▶ Task:
Below are some records. Return exactly their lines from the one containing "2025-2026 Eğitim Öğretim" through the one containing "Отличительной особенностью данного", and drop the pictures.

▶ Input:
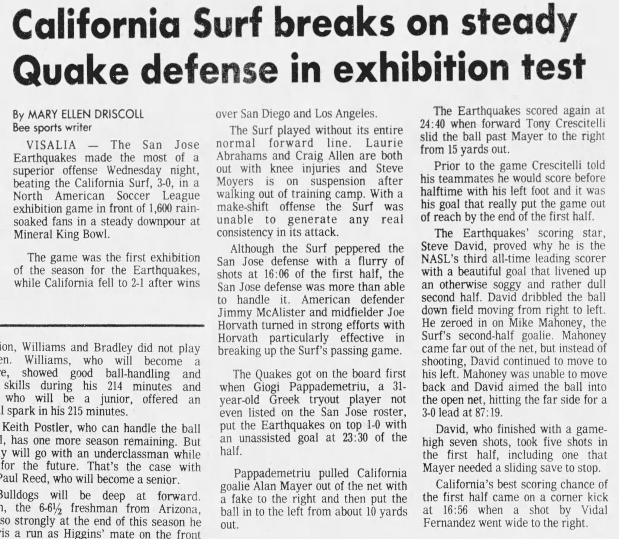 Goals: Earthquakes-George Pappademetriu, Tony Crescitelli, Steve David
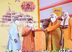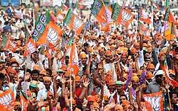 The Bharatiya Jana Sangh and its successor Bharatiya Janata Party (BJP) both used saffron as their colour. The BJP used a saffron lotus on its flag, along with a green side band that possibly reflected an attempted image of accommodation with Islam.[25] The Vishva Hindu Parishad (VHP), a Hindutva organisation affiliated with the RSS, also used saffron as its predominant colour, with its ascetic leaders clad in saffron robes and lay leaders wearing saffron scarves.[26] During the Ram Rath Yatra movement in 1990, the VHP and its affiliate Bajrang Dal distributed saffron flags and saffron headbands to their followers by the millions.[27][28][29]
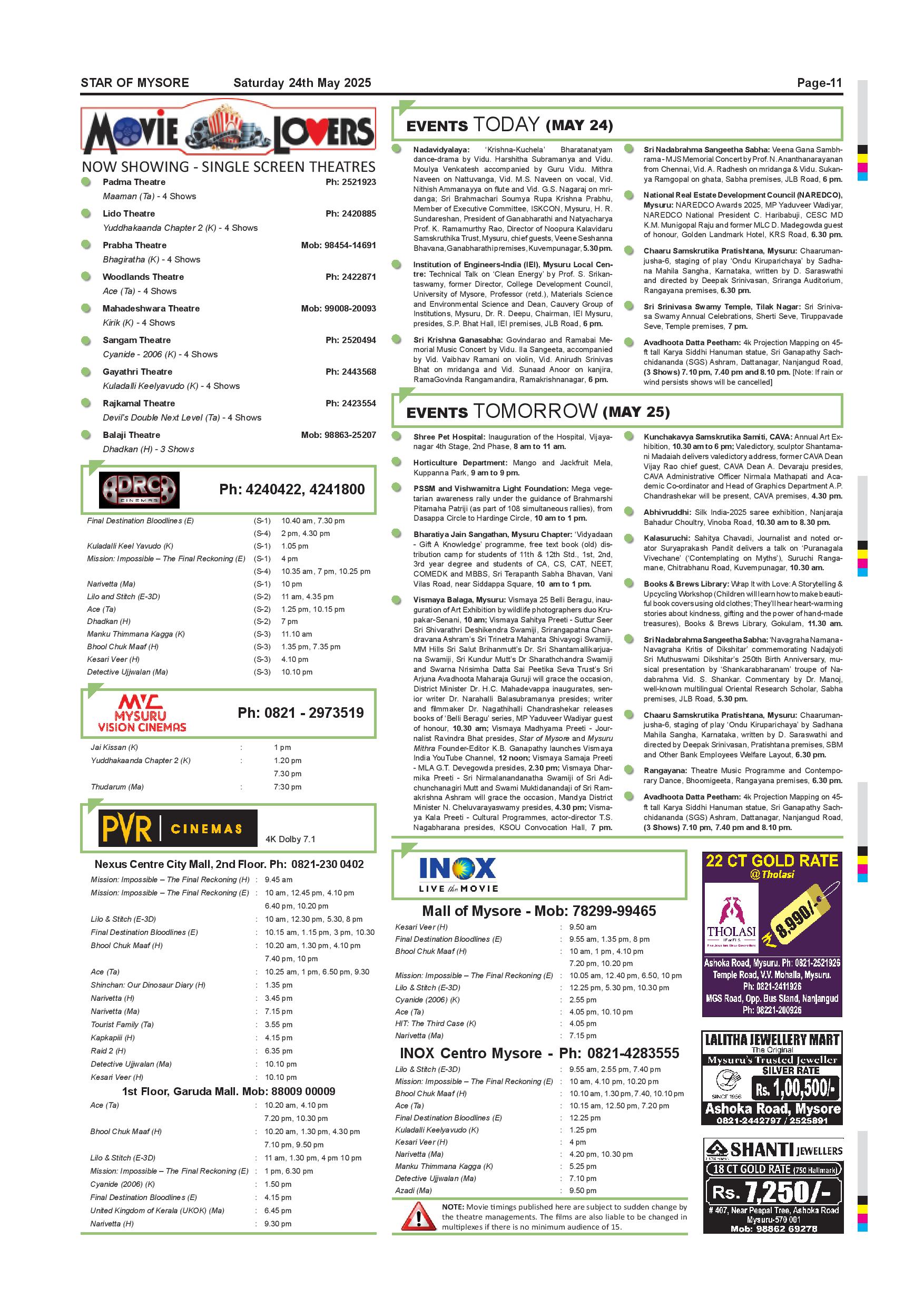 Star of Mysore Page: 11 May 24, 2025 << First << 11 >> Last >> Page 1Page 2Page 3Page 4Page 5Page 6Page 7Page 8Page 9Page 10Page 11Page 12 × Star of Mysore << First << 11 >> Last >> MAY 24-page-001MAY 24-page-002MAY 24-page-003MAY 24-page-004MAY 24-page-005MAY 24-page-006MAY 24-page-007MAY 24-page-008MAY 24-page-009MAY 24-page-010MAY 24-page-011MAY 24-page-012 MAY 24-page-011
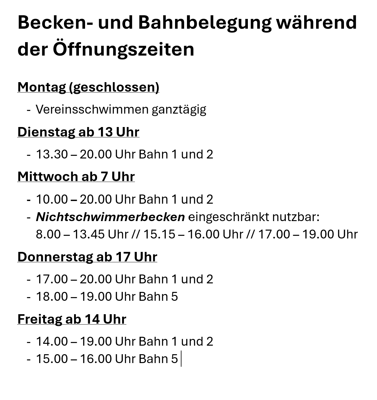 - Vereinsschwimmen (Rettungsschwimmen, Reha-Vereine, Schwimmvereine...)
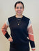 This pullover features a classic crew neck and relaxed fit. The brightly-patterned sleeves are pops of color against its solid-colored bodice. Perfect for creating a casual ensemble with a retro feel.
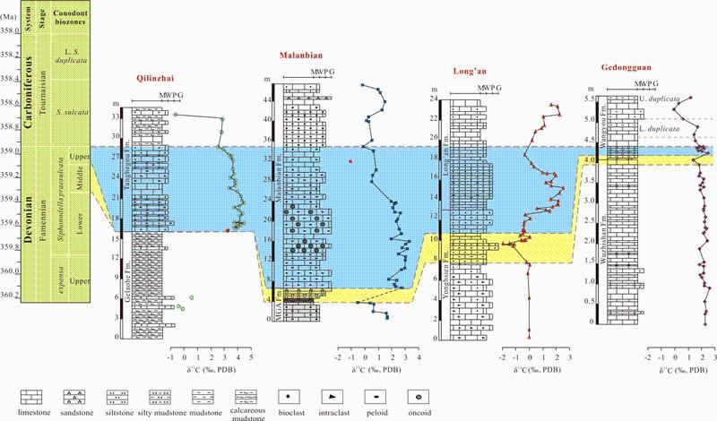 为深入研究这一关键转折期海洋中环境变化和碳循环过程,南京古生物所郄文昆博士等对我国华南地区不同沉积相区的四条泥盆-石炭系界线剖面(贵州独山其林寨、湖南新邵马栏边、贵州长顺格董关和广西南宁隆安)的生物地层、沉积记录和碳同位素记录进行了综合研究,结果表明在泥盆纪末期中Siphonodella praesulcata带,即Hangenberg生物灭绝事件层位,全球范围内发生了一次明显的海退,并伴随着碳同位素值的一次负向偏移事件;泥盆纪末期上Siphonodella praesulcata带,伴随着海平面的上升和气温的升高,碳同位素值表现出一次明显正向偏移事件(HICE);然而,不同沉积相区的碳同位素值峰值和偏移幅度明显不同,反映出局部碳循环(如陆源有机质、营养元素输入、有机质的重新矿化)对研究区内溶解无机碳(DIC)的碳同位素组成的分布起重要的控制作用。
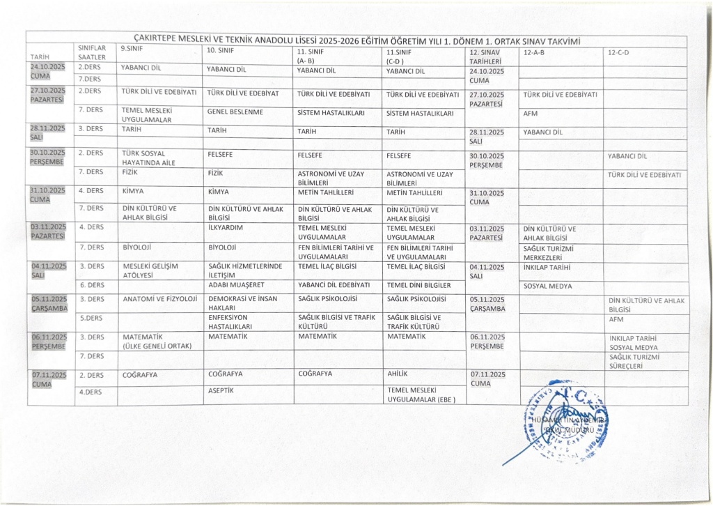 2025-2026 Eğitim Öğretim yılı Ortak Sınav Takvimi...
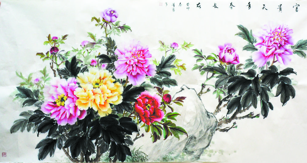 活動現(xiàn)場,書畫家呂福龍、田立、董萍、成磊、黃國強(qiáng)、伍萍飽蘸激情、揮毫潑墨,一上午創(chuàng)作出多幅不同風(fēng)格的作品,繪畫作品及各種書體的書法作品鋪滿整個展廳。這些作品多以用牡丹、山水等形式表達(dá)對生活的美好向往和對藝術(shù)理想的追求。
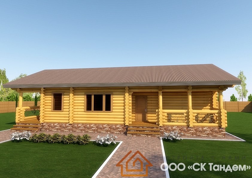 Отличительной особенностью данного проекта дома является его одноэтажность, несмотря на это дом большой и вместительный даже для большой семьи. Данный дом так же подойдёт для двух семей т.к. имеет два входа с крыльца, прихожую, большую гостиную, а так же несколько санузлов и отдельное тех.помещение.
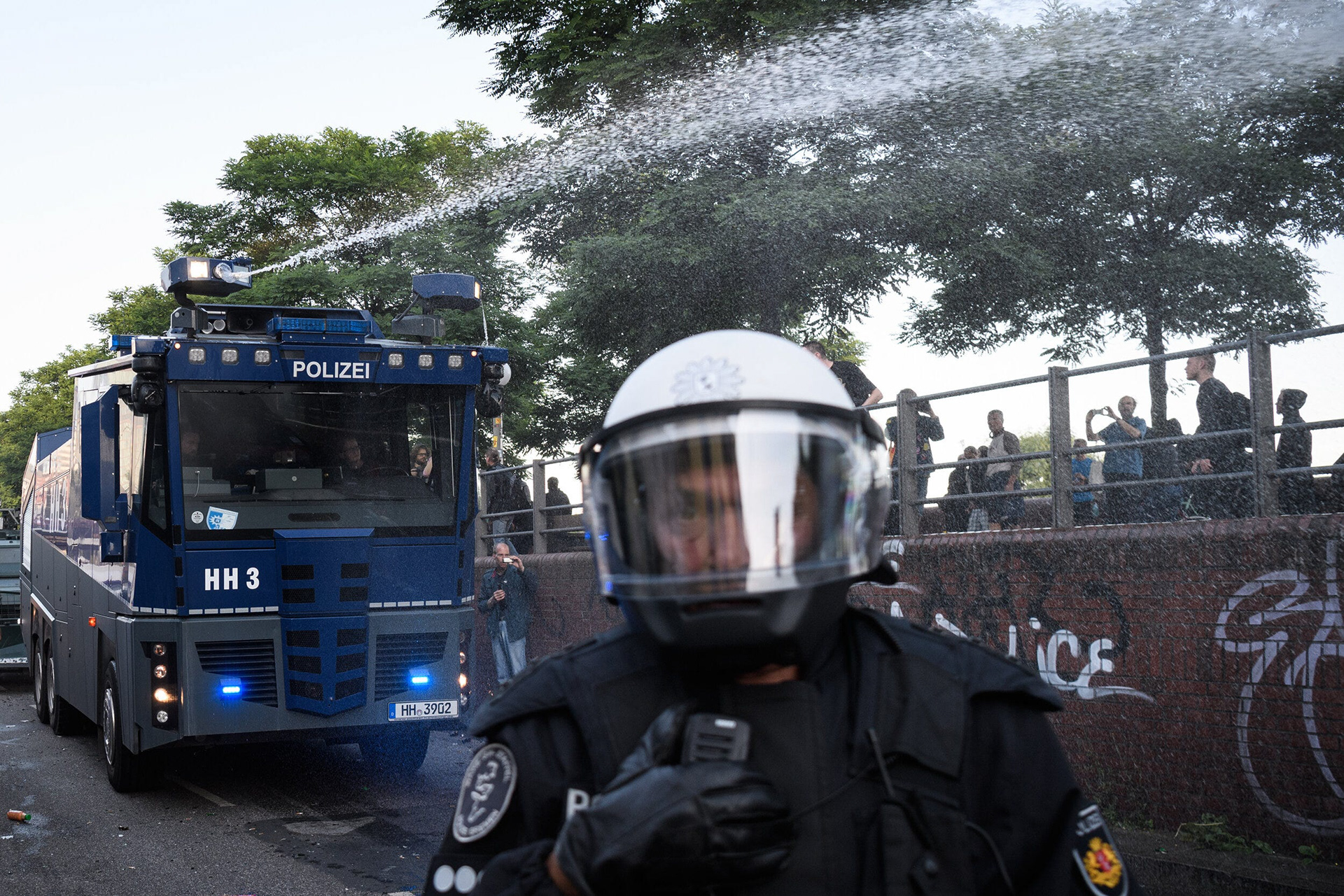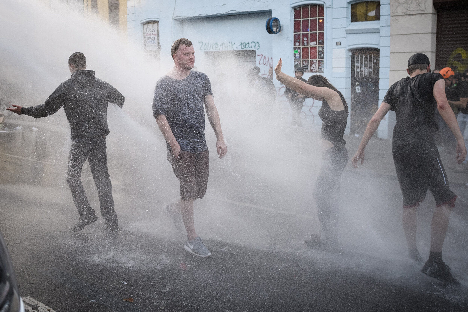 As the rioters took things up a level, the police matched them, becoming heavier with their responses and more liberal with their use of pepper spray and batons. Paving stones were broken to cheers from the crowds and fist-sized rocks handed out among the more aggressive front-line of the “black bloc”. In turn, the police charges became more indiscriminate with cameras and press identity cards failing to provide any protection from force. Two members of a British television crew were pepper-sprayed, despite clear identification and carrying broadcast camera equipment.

...

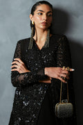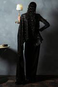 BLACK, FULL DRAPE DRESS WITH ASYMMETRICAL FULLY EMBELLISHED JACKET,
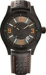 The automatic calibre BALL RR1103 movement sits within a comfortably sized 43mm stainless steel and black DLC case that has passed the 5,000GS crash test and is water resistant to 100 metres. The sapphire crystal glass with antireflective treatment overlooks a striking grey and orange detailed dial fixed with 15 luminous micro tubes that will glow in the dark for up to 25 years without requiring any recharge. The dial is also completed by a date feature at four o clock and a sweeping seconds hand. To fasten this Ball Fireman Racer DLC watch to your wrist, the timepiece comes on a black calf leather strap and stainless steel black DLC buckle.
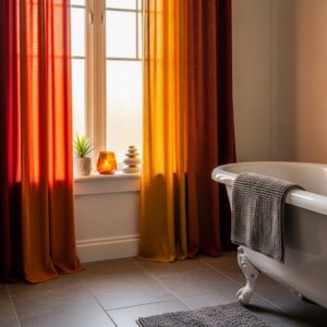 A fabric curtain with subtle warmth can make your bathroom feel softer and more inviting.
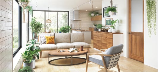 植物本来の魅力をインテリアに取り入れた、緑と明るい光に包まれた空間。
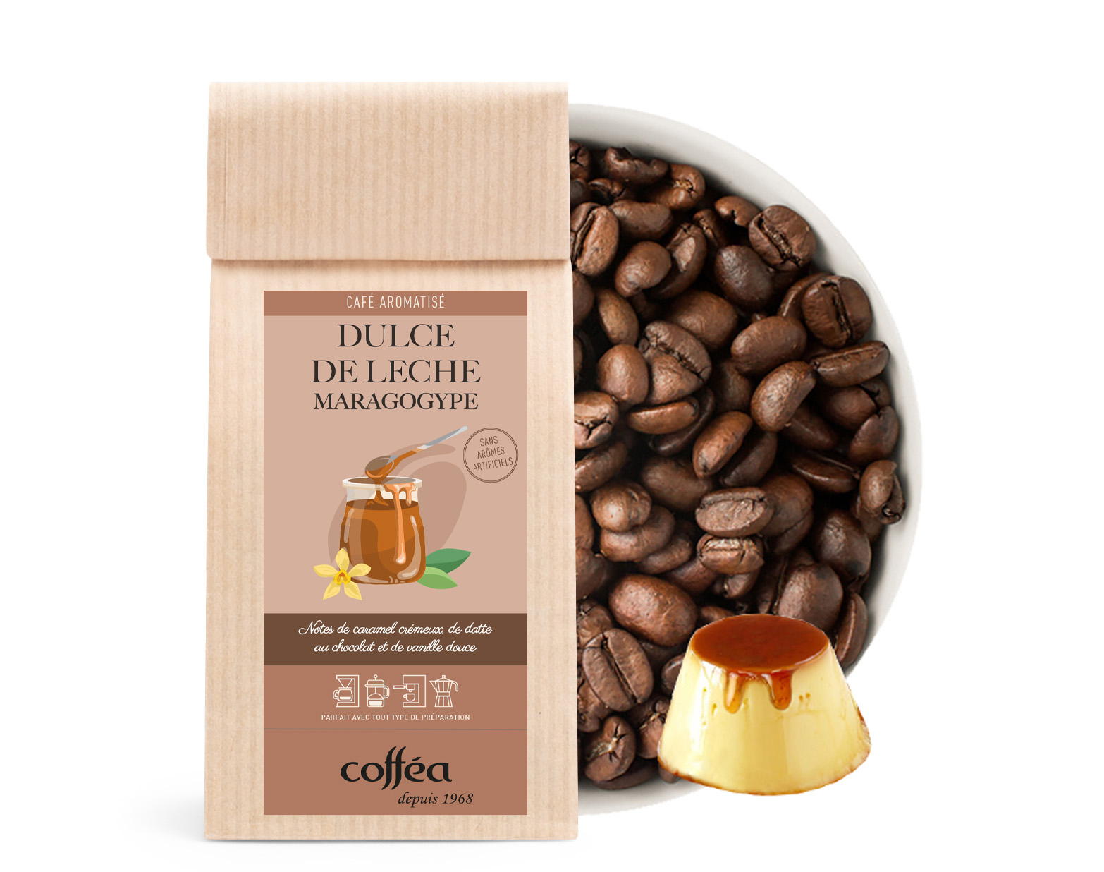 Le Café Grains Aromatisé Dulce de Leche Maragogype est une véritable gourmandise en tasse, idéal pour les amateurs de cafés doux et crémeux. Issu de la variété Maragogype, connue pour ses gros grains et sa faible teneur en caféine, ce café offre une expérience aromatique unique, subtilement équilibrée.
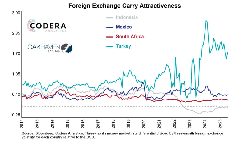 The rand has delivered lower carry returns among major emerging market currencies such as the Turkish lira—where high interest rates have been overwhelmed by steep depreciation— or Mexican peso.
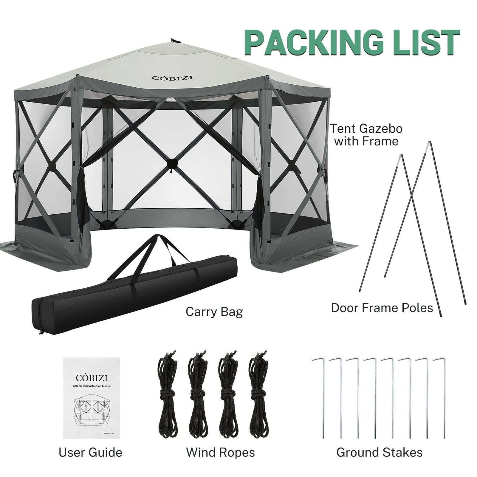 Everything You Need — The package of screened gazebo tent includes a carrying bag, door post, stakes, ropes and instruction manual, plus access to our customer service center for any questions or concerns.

--

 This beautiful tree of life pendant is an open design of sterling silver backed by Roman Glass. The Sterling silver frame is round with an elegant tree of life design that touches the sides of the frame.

▶ Response:
 2025-2026 Eğitim Öğretim yılı Ortak Sınav Takvimi...
 活動現(xiàn)場,書畫家呂福龍、田立、董萍、成磊、黃國強(qiáng)、伍萍飽蘸激情、揮毫潑墨,一上午創(chuàng)作出多幅不同風(fēng)格的作品,繪畫作品及各種書體的書法作品鋪滿整個展廳。這些作品多以用牡丹、山水等形式表達(dá)對生活的美好向往和對藝術(shù)理想的追求。
 Отличительной особенностью данного проекта дома является его одноэтажность, несмотря на это дом большой и вместительный даже для большой семьи. Данный дом так же подойдёт для двух семей т.к. имеет два входа с крыльца, прихожую, большую гостиную, а так же несколько санузлов и отдельное тех.помещение.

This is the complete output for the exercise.